Yvelines : un policier traité de 'singe' par ses collègues — l'enquête que l'État voudrait enterrer

Le mot qui tue
Cette insulte ne s'oublie pas. Raciste. Déshumanisante. « Singe » renvoie à des siècles de colonisation, d’esclavage, de zoos humains. Un fonctionnaire de police l’a reçue en pleine figure — pas d’un civil ou d’un suspect, mais de ses collègues. Ceux avec qui il patrouille, ceux qui sont censés former une « famille », un « corps » uni.
Les faits se déroulent dans les Yvelines. Département d’Île-de-France qui compte des communes comme Vernouillet, Trappes, Rambouillet, Mantes-la-Jolie, Poissy, Sartrouville, Montfort-l’Amaury. Des territoires où la police est en première ligne, les tensions vives, et le moindre incident peut enflammer un quartier. Le policier victime — identité non divulguée — a porté plainte. Il a raconté, décrit l’ambiance, les regards, les murmures. Puis l’insulte, franche, nette. « Singe ». Le parquet de Versailles a été saisi. Une enquête ouverte. Cela semble simple, mécanique.
Mais depuis, rien. Ou presque.
Aucun communiqué officiel, aucune suspension, aucune mise à pied conservatoire. La machine judiciaire tourne au ralenti. Pendant ce temps, l’agent insulté continue-t-il de servir aux côtés de ceux qui l’ont humilié ? Personne ne le dit, personne ne le confirme. La transparence, dans la police, n’est pas une valeur cardinale.
Dans les rangs, le silence
L’institution police a une longue tradition de silence. On appelle ça « l’omerta ». En interne, les affaires de racisme sont souvent étouffées, minimisées, traitées par des voies disciplinaires discrètes. Les témoins ne parlent pas. Les supérieurs ferment les yeux. Les lanceurs d’alerte sont punis. Ce cas des Yvelines est emblématique — le parquet enquête, mais qui enquête vraiment ? L’IGPN, saisie, peut-être. Ses conclusions restent souvent secrètes, et quand elles deviennent publiques, c’est des mois plus tard, noyées dans des chiffres globaux.
Regardons les faits. En 2024, 617 atteintes visant des élus en zone police nationale, contre 739 en 2023 — une baisse de près de 17 %. Mais ces chiffres ne disent rien du racisme ordinaire au sein des forces de l’ordre. Un rapport interne de la direction générale de la police nationale, révélé en partie par la presse, évoque « plusieurs faits sensibles » (source : L’Humanité). Des insultes, des brimades, des humiliations quotidiennes. Le policier victime des Yvelines n’est pas isolé. En 2025, les services de sécurité ont enregistré 10 100 victimes de crimes et délits à caractère raciste (source : ministère de l’Intérieur).
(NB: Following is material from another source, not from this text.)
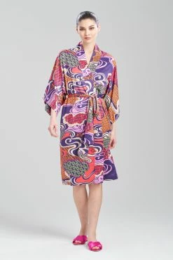 This women’s robe has a striking flow of vibrant colors printed on silky charmeuse.

Derrière ces chiffres, des visages. Des uniformes, parfois.
Le parquet de Versailles saisi : et après ?
Une enquête préliminaire a été ouverte par le parquet de Versailles. Procédure classique pour une injure publique à caractère raciste — délit puni de six mois d’emprisonnement et 22 500 euros d’amende. Dans le cadre professionnel, entre collègues, la qualification peut être alourdie : circonstance aggravante liée à la qualité de la victime (policier dans l’exercice de ses fonctions). Pourtant, l’enquête avance-t-elle ? Le parquet ne communique pas. Les auditions ont-elles eu lieu ? Les témoins ont-ils parlé ? Le policier accusateur a-t-il reçu un soutien psychologique ? Silence.
Ce mutisme interroge. Car dans d’autres affaires — violences conjugales, agressions sexuelles — les parquets diffusent des communiqués pour rassurer l’opinion. Ici, rien. Pourquoi ? Parce qu’il s’agit de l’institution elle-même. Reconnaître que des policiers insultent leurs collègues avec des mots racistes, c’est ouvrir une boîte de Pandore. C’est admettre que le racisme n’est pas une exception, mais un problème systémique.
Racisme dans la police : les preuves s’accumulent
Ce n’est pas un incident isolé. Depuis des années, des rapports, témoignages, enquêtes journalistiques montrent que le racisme gangrène certaines unités. En 2020, l’affaire du « Mur des cons » au commissariat de Paris — des photos de collègues affichées avec des commentaires racistes et sexistes. En 2023, un brigadier de Seine-Saint-Denis suspendu après des propos antisémites. En 2024, plusieurs policiers de la BAC de Nice écartés pour des messages haineux sur des groupes WhatsApp.
Les documents en attestent : signalements internes, rapports de l’IGPN, condamnations. Mais la maison brûle-t-elle ? Non, on continue d’éteindre les incendies un par un, sans s’attaquer à la structure. Le cas des Yvelines est d’autant plus grave que l’insulte « singe » est une insulte raciste historique. Elle cible spécifiquement les personnes noires, rappelle les pires heures de l’histoire coloniale française. Et elle est proférée par des agents de l’État, censés incarner l’égalité républicaine.
Yvelines : un terreau fertile pour les discriminations ?
Les Yvelines ne sont pas un département comme les autres. Territoire riche, mais fracturé : à l’ouest, des communes bourgeoises comme Versailles, Saint-Germain-en-Laye, Le Vésinet ; à l’est et au nord, des villes populaires comme Trappes, Mantes-la-Jolie, Les Mureaux. Une ligne de fracture sociale qui se double parfois d’une fracture ethnique. Les policiers qui travaillent dans ces zones sensibles sont souvent exposés à des tensions, des agressions verbales, une hostilité latente. Mais cela justifie-t-il que des collègues se retournent contre l’un des leurs en l’insultant ? (Non, bien sûr.) Le stress ne donne pas de permis de racisme. Que l’affaire éclate dans ce département précis — où se trouve le siège de la préfecture de police des Yvelines — montre que le problème n’est pas géographique. Il est culturel. Il est institutionnel.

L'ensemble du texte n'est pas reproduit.